Postby mr_e_man » Mon Oct 11, 2021 3:30 am

What's a polyhedroid?


Let's try to prove that there can't be hidden faces in any uniform polyhedron P.

All vertices of P are on a sphere (by symmetry). All vertices adjacent to one given vertex are on another sphere (because the edges have the same length), and thus on the intersection of these two spheres which is a circle. So the verf (call it Q, a spheric polygon) has its vertices on a circle.

Points on a circle are convexly independent; none of them is inside the convex polygon formed by the other points.
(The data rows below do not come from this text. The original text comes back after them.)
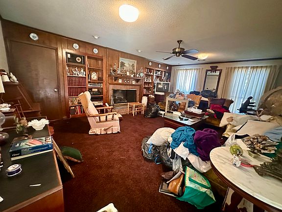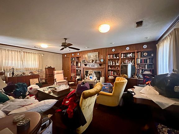 Large home on almost an acre of land. Enter the home into an vaulted atrium. The great room has wood paneling, built-in shelves and fireplace. Upstairs is a loft area, bedroom and bathroom. Inside the main part of the home is another large living space with built-in cabinetry for storage. A dining room is just off the kitchen. A large bedroom with 9'x10' closet. Another bedroom has 1/2 bathroom ensuite with dressing table. There are three more rooms that were used for a home sewing business. Let your imagination run wild with opportunity for this unique property. Home is in 'as is' condition and seller has never lived in the property.
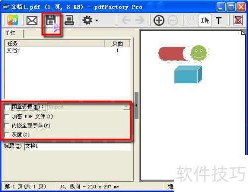 7、 使用pdfFactory Pro打印完成后,会显示一个对话框呈现效果。在此窗口中,可以对PDF文件添加图章、设置加密,还能将彩色文档调整为灰度模式。确认无误后点击保存,即成功转换为PDF格式。现在,让我们打开刚保存的PDF文件,查看最终效果吧!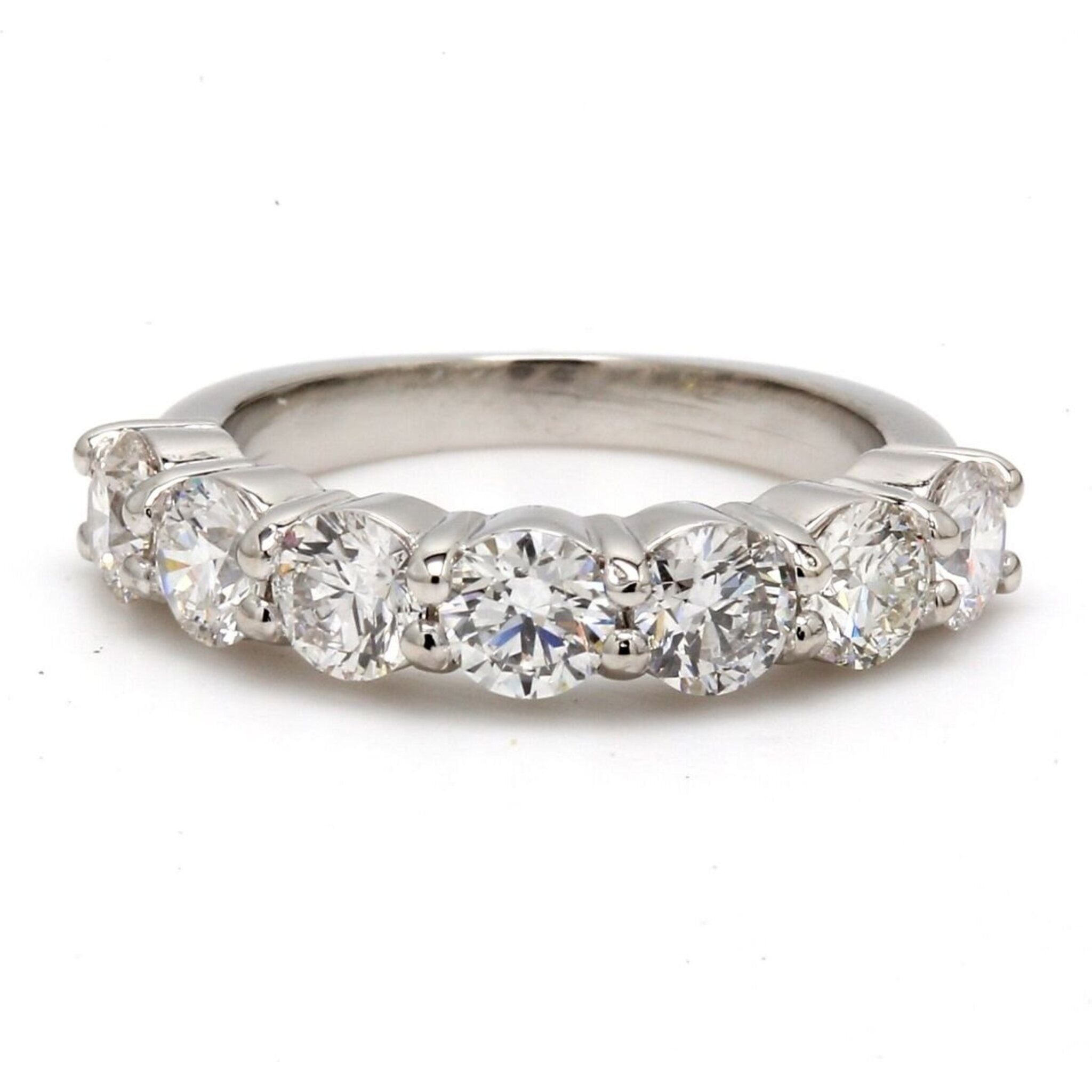 Indulge in the exquisite allure of this 7-stone band in platinum, adorned with prong-set round diamonds that sparkle with a captivating brilliance. With a total diamond weight of 1.46 carats, this band is a testament to timeless elegance. The design is both classic and contemporary, making it an ideal choice for fashion-forward women who appreciate the finer things in life.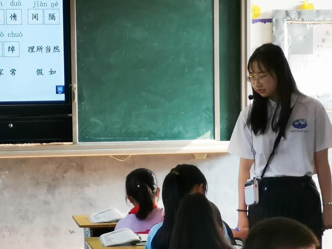 我主要负责五年级语文的教学工作,以及四五年级的美术、音乐等六门课程,兼职少先队辅导员,跟学生们是天天见的熟面孔。在暑期社会实践时,我就曾作为远志服务团支教组的组长,来给这些孩子们上过活动课。那个时候,他们就曾满脸期待地问我,“老师,你之后还会教我们吗”?嘿,我这不就又来啦!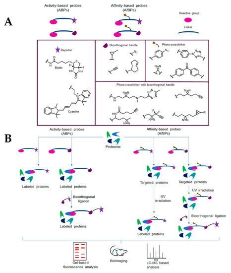 (A) Structure of activity-based probes and affinity-based probes. Overview of common structures used as reporters, bio-orthogonal handles, and photo-crosslinkers. (B) Workflow for protein profiling using activity-based probes and affinity-based probes.

So any vertex of Q is visible from outside, not surrounded and hidden by edges of Q. It follows that any edge of Q has some part (near a vertex) visible from outside.

Returning to 3D, this means that any face of P has some part (near an edge and a vertex) visible from outside.


But why would they refer to hidden faces at all, if they never occur anyway (in 3D)?

I doubt it's based on the existence of higher-dimensional uniform polytopes with hidden parts, because higher dimensions are hard to visualize, and having hidden parts is a visual property.

I think it's based on degenerate polyhedra like these five. Are those even valid abstract polyhedra? Or are they compounds? In any case, I would say they're degenerate because of the coincident edges, not because of the hidden faces.


In fact some of the 53 accepted polyhedra are degenerate according to my definition: seside, sirsid, gidrid, and gisdid have coplanar faces. Any others?

Degeneracy can happen in several ways: coincident vertices, collinear edges, coplanar faces, vertices on the wrong edges (impossible for uniforms because a line intersects a sphere in at most 2 points), vertices in the wrong faces (planes), or edges in the wrong faces (planes).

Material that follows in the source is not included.